### AIM OF THE EXERCISE
In the entries that follow, repeat exactly the lines from the one that has "2. Jaswant Thada: Located" through the one that has "献立は、パンプキンパン、牛乳", but omit pictures.

(Collection entries)
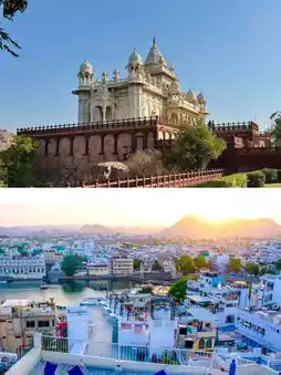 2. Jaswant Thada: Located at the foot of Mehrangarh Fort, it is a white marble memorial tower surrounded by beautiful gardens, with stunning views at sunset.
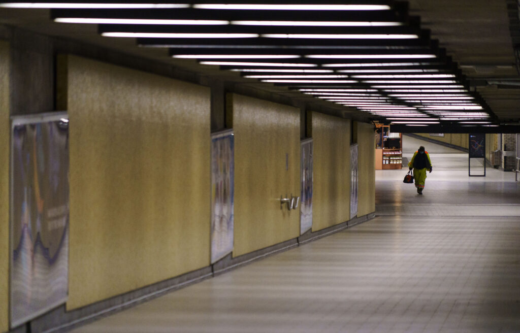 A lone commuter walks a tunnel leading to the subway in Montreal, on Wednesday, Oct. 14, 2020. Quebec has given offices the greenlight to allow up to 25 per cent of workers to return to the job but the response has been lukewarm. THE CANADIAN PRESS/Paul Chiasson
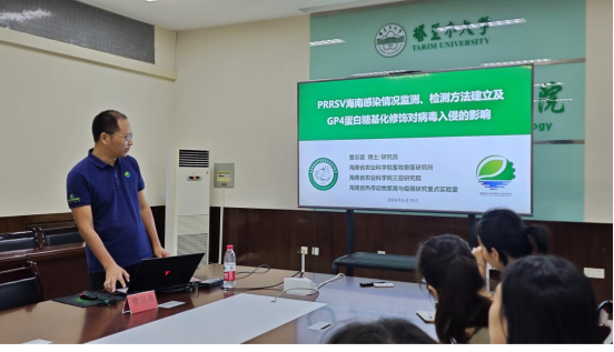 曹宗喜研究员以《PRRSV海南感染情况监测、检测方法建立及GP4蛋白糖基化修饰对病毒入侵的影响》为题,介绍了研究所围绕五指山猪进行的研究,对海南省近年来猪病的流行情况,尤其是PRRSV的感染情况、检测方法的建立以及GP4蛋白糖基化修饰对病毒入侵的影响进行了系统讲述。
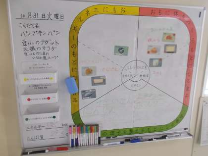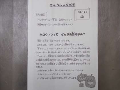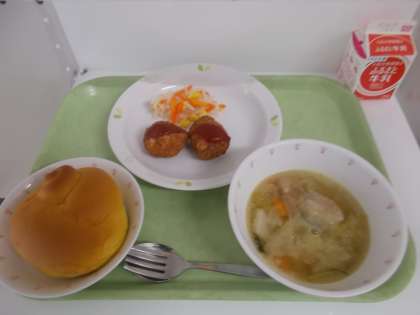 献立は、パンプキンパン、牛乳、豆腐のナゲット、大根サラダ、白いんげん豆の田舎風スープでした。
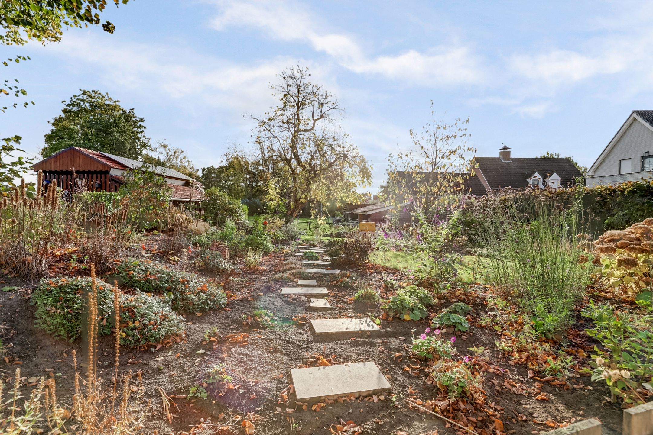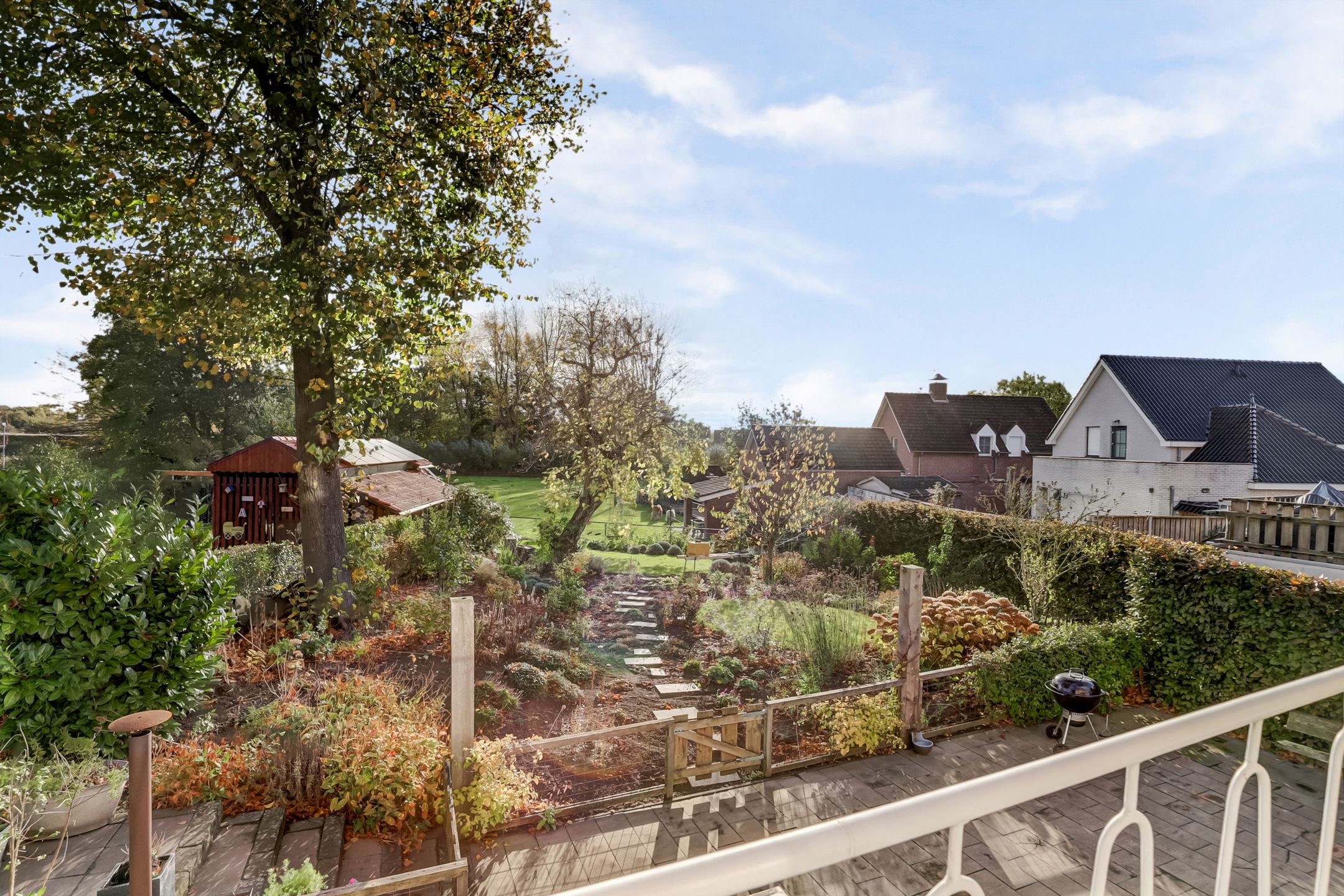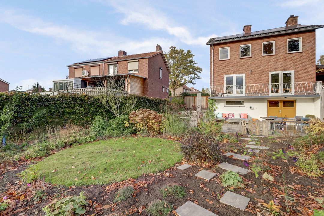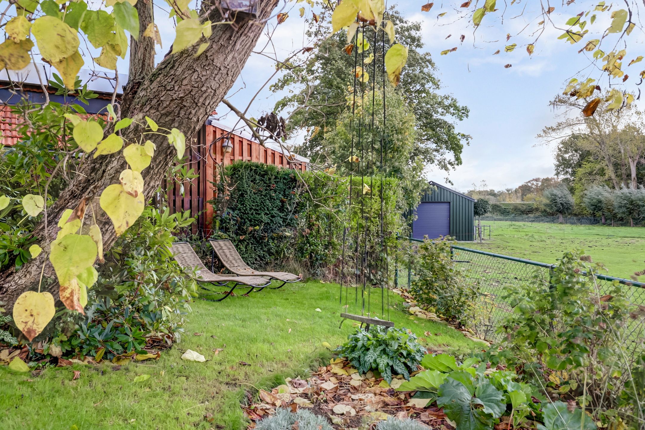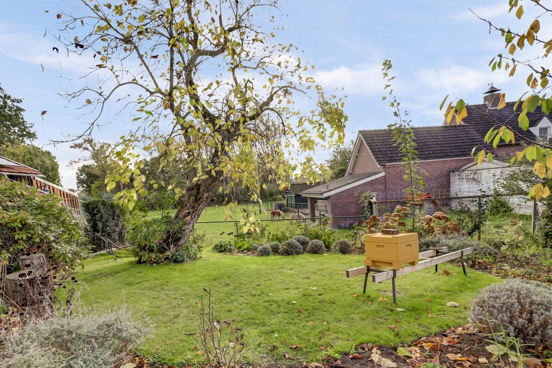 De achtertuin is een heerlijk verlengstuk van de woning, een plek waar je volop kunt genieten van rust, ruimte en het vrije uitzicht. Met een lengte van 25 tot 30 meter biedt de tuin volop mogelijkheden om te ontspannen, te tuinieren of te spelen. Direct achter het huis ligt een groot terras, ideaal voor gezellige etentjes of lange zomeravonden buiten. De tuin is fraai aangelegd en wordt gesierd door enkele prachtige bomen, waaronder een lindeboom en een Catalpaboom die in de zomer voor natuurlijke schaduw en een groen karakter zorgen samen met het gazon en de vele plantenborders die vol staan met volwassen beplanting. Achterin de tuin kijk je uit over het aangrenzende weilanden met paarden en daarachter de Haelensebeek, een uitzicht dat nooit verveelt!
==
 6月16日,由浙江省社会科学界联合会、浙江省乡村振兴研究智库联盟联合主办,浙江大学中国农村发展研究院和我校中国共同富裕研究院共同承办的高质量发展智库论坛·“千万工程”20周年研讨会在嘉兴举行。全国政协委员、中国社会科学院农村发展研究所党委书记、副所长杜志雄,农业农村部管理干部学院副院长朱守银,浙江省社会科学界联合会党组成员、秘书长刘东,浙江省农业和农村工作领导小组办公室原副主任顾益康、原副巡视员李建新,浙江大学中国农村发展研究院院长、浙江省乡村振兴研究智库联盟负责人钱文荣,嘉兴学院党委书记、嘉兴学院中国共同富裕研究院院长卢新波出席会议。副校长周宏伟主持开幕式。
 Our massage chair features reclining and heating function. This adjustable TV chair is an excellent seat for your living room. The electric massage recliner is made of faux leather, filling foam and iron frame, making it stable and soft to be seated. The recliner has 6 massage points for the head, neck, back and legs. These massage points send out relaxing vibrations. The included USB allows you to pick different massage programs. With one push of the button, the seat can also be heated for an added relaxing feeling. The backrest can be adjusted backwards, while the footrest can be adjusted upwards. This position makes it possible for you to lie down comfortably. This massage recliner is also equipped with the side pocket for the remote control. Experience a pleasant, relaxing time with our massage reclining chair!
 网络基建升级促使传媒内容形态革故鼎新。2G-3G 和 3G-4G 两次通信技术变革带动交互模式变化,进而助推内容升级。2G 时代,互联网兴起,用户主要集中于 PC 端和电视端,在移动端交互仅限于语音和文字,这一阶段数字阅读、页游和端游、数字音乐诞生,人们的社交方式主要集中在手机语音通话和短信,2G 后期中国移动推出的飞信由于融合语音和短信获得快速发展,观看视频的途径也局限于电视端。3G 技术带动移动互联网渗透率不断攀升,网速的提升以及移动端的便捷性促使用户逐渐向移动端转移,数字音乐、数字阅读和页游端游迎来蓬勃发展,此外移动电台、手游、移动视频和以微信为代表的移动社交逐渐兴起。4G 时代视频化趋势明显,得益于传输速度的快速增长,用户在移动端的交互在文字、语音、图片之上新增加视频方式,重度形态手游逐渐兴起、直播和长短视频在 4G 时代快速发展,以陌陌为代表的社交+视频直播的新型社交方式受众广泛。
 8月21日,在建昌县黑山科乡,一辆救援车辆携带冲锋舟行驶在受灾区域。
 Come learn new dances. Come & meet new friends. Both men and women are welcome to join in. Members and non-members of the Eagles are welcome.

### EXPECTED OUTPUT
 2. Jaswant Thada: Located at the foot of Mehrangarh Fort, it is a white marble memorial tower surrounded by beautiful gardens, with stunning views at sunset.
 A lone commuter walks a tunnel leading to the subway in Montreal, on Wednesday, Oct. 14, 2020. Quebec has given offices the greenlight to allow up to 25 per cent of workers to return to the job but the response has been lukewarm. THE CANADIAN PRESS/Paul Chiasson
 曹宗喜研究员以《PRRSV海南感染情况监测、检测方法建立及GP4蛋白糖基化修饰对病毒入侵的影响》为题,介绍了研究所围绕五指山猪进行的研究,对海南省近年来猪病的流行情况,尤其是PRRSV的感染情况、检测方法的建立以及GP4蛋白糖基化修饰对病毒入侵的影响进行了系统讲述。
 献立は、パンプキンパン、牛乳、豆腐のナゲット、大根サラダ、白いんげん豆の田舎風スープでした。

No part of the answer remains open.